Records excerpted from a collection
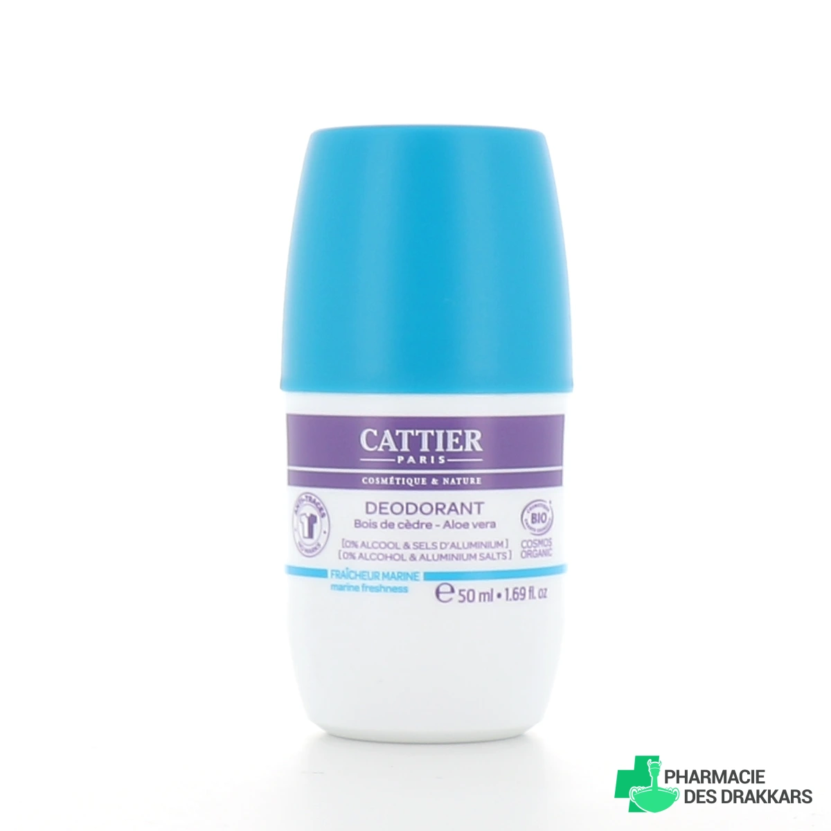 Présentation proposée par votre pharmacie en ligne pour le déodorant roll-on 24h Bio Cattier : roll-on de 50ml - Parfum au choix.
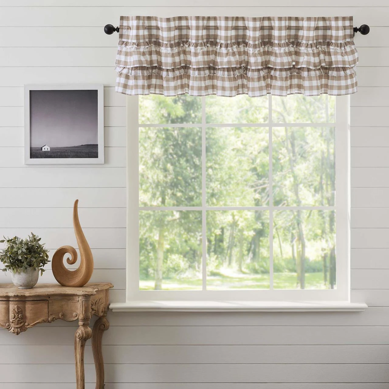 Spruce up your window with the Annie Buffalo Portabella Check Ruffled Valance by VHC! The charming buffalo check pattern features soft portabella brown and white! The perfect addition to any country decor! The trim of ruffles is the perfect finishing touch!
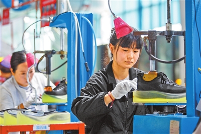 4月16日,在商丘市睢县高新技术产业开发区制鞋产业园区内,各制鞋企业正在抓紧生产,赶制订单。 徐泽源 摄
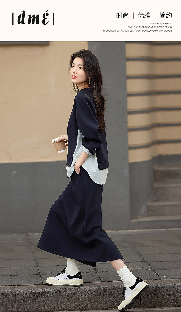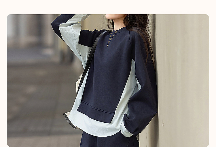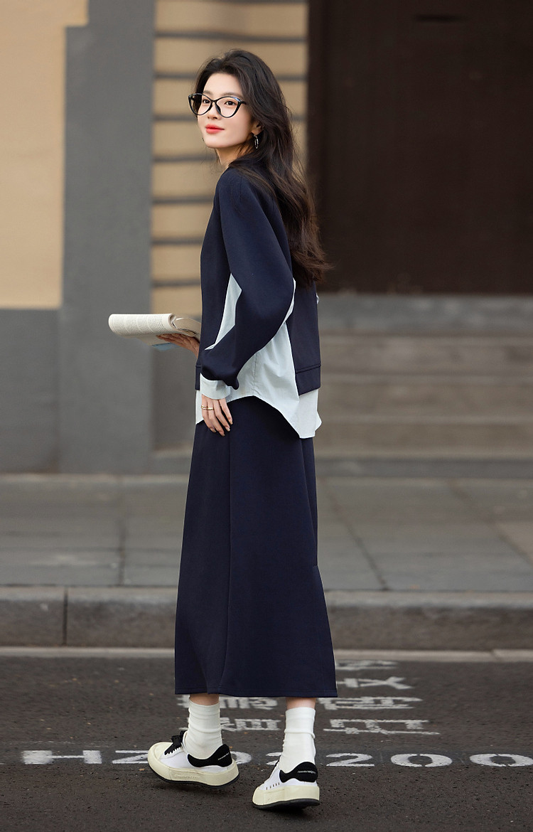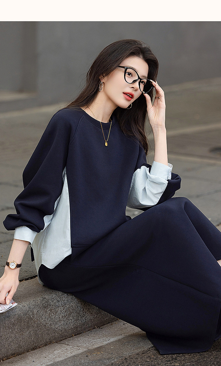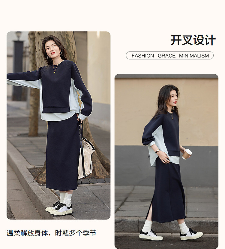 【350G空气层套装】春秋时髦拼色卫衣橡筋腰开叉半裙女两件套
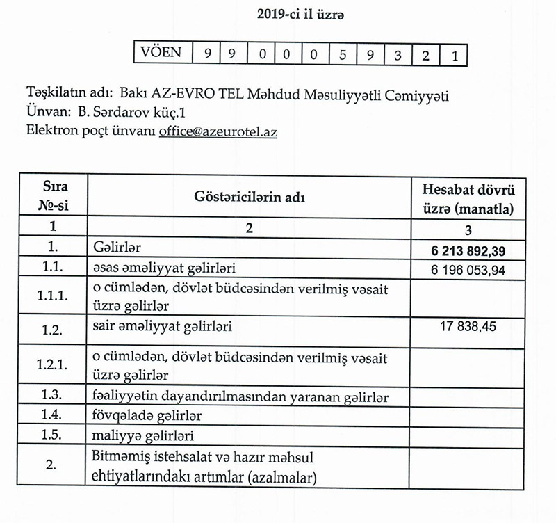 Rabitə operatoru "Az - Euro Tel" MMC 2019-cu ili 560 min manat xalis mənfəət ilə başa vurub. Ötən il 2018-ci illə müqayisədə şirkətin xalis mənfəəti 44,7% artıb. Belə ki, "Az - Euro Tel" 2018-ci ili 387 min manat xalis mənfəət ilə bağlamışdı. Xalis mənfəətin artması gəlirlərin artmasından deyil, xərclərin azalmasından qaynaqlanır.
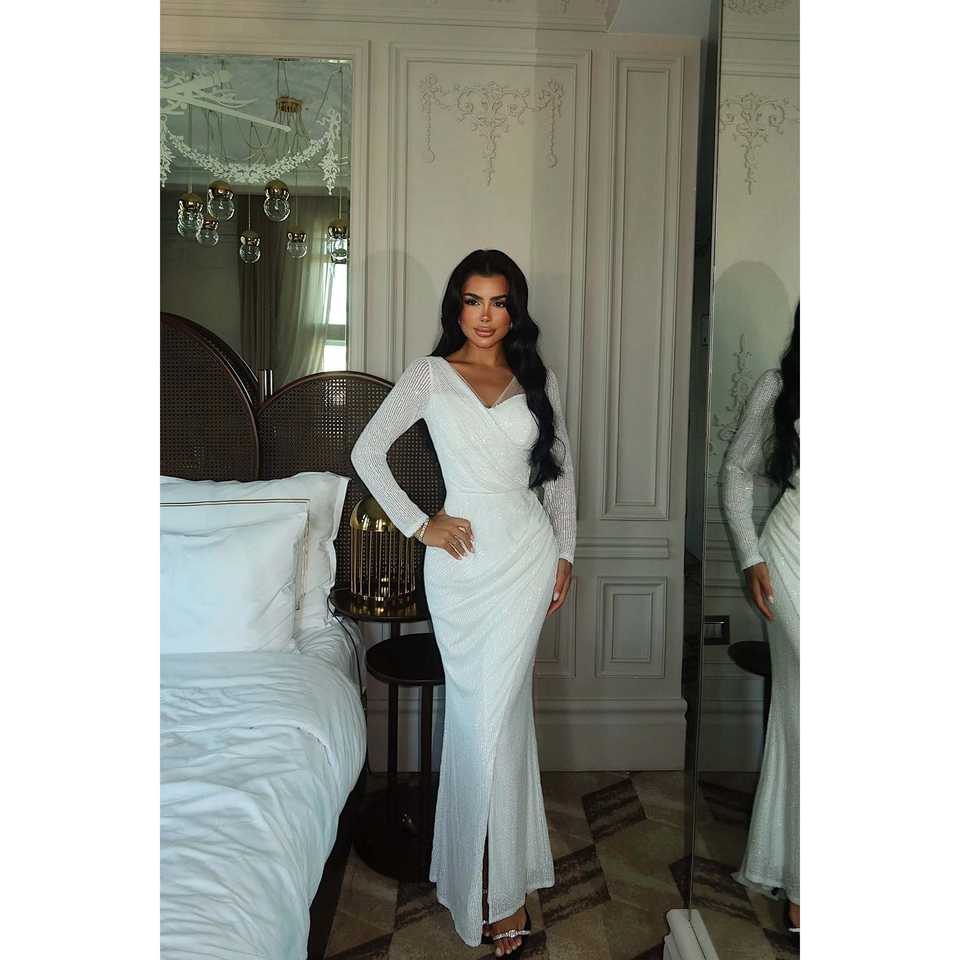 Robe de soirée longue Tamera blanche à manches longues, coupe trapèze, col dégagé, longueur ras du sol, pour soirée formelle, avec décorations de paillettes, disponible en XS

Problem description
Print every record above exactly as written, leaving out the pictures.

Task result
 Présentation proposée par votre pharmacie en ligne pour le déodorant roll-on 24h Bio Cattier : roll-on de 50ml - Parfum au choix.
 Spruce up your window with the Annie Buffalo Portabella Check Ruffled Valance by VHC! The charming buffalo check pattern features soft portabella brown and white! The perfect addition to any country decor! The trim of ruffles is the perfect finishing touch!
 4月16日,在商丘市睢县高新技术产业开发区制鞋产业园区内,各制鞋企业正在抓紧生产,赶制订单。 徐泽源 摄
 【350G空气层套装】春秋时髦拼色卫衣橡筋腰开叉半裙女两件套
 Rabitə operatoru "Az - Euro Tel" MMC 2019-cu ili 560 min manat xalis mənfəət ilə başa vurub. Ötən il 2018-ci illə müqayisədə şirkətin xalis mənfəəti 44,7% artıb. Belə ki, "Az - Euro Tel" 2018-ci ili 387 min manat xalis mənfəət ilə bağlamışdı. Xalis mənfəətin artması gəlirlərin artmasından deyil, xərclərin azalmasından qaynaqlanır.
 Robe de soirée longue Tamera blanche à manches longues, coupe trapèze, col dégagé, longueur ras du sol, pour soirée formelle, avec décorations de paillettes, disponible en XS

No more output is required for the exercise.